To get the other side of it, Catholic philosopher Max Scheler approaches the root of Buddhist-like elements in 19th Century German Protestantism. The easiest primer to his approach is probably his book, Ressentiment, in which he argues that the root of Buddhist thought in Christian societies is the rise of the bourgeois class whose particular psychological characteristics (as described by Weber, for example) made them vulnerable to axiological deformations typified by ressentiment and scheelsucht (envious value-inversion and propensity to disparage the good out of spite).

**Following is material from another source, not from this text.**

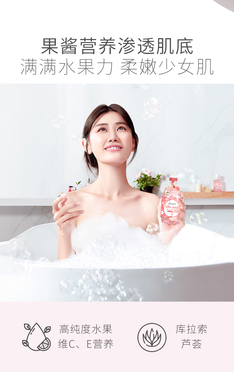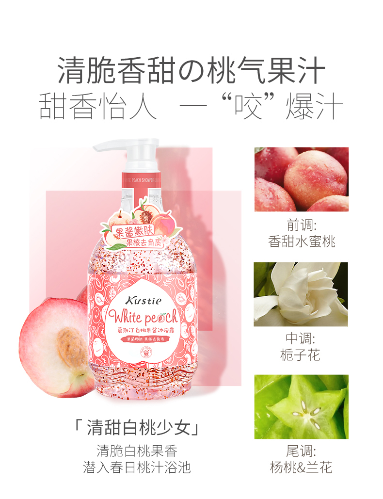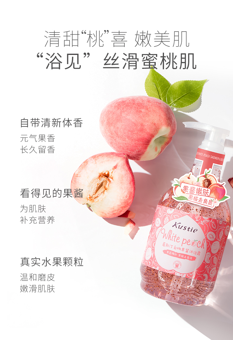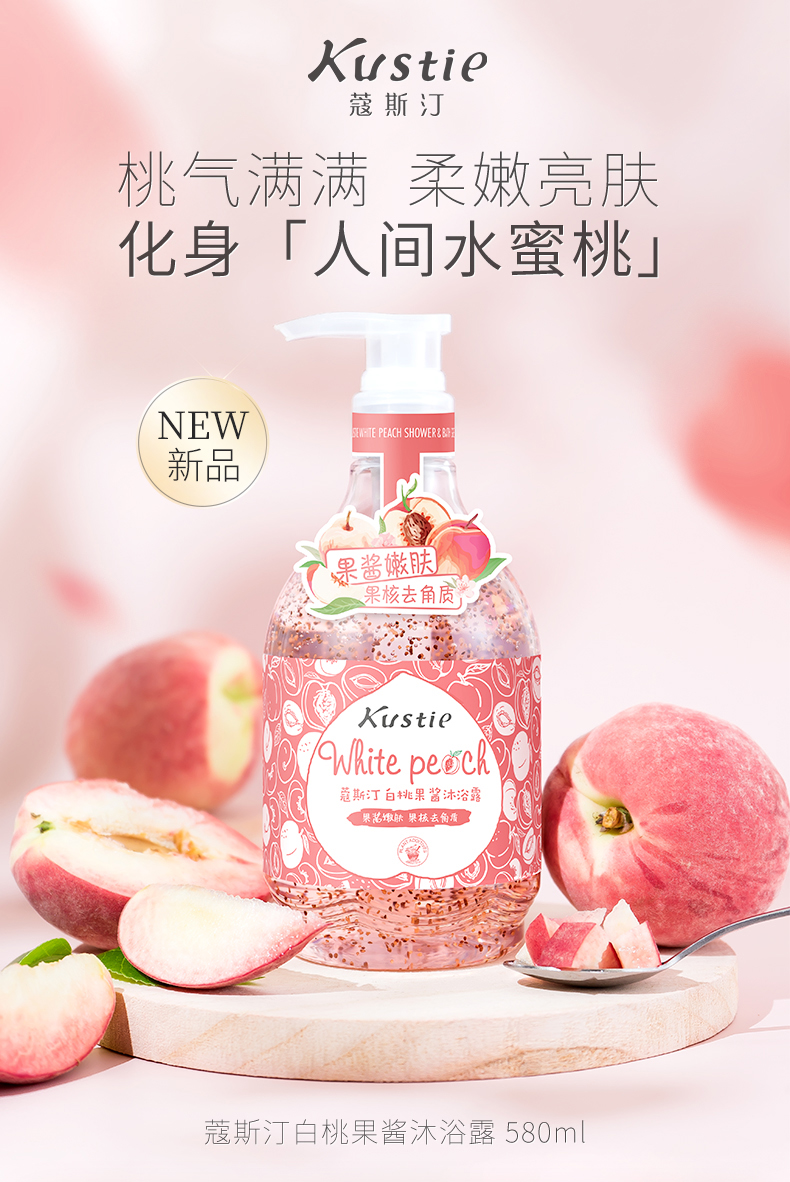 蔻斯汀kustie沐浴露水蜜桃果酱580ml白桃果香透亮少女肌沐浴液清爽沐浴露新品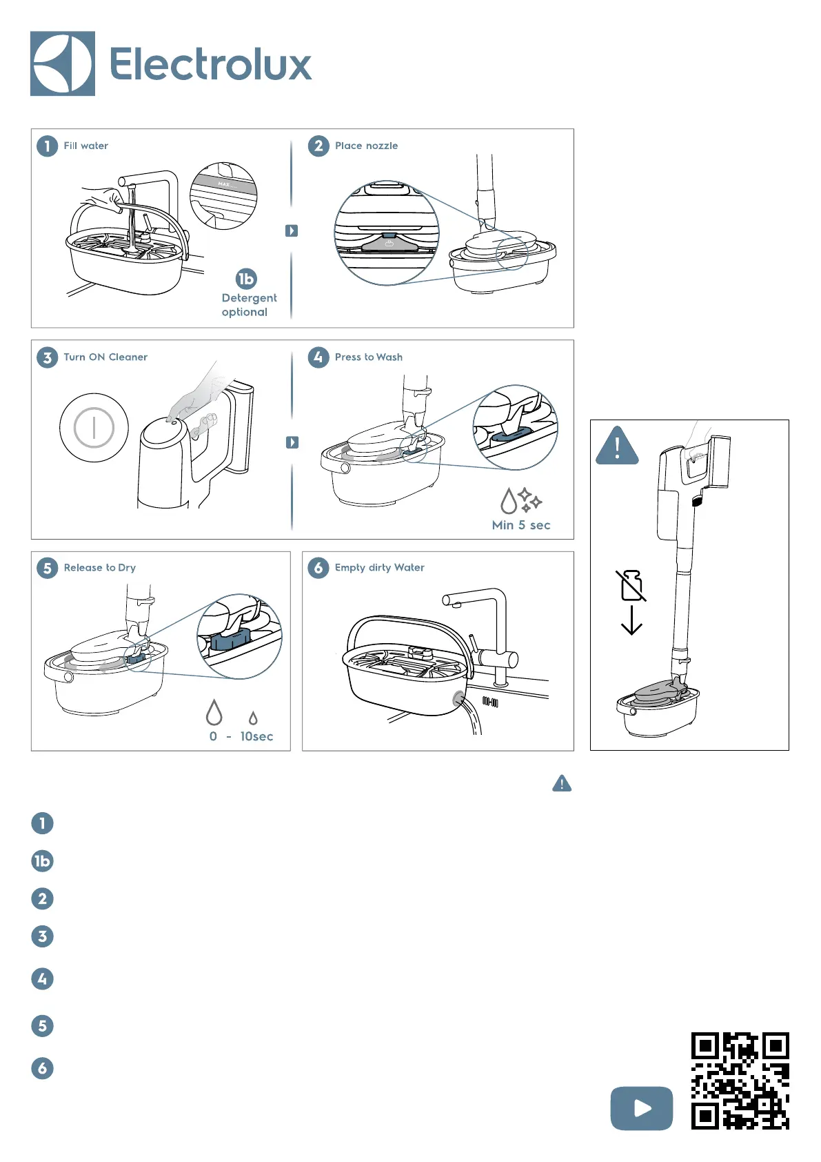 the cleaner in an upright position (min 5 sec).

The tendency to reduce Christianity to a mere moral code justified by airy religious reasoning permits the world-contextualizing passages to be reformed as world-denying passages, which better fits with the tendency of the anti-agonistic and anti-physical bourgeois personality. Remember that the bourgeois archetype of the 19th C. is someone like Howard Taft - proudly obese, anti-physical, and intellectual. Despite the reputation of the bourgeois as hypercompetitive, in reality the highest virtue of bourgeois society was comfort and pleasure, of securing wealth and passing it to one's children. The robber-barons were the tails of the curve, not the median.

Resentful of the very physical and agonistic aristocracy, and filled with self-hatred at the unaesthetic and diseased life they lived, the bourgeois naturally adapted a Buddhist Christianity to themselves. The Will of God is replaced by democratic ultramontanism, love with Social Gospel politics (explicitly in the case of Richard Ely), and the Christian mind-body fusionism with a mind-body dichotomy justifying the neglect of the physical in ourselves.

I recommend Scheler's Ressentiment for further reading on this topic. He manages to incorporate and correct Nietzsche on this topic, which is a profound accomplishment in itself.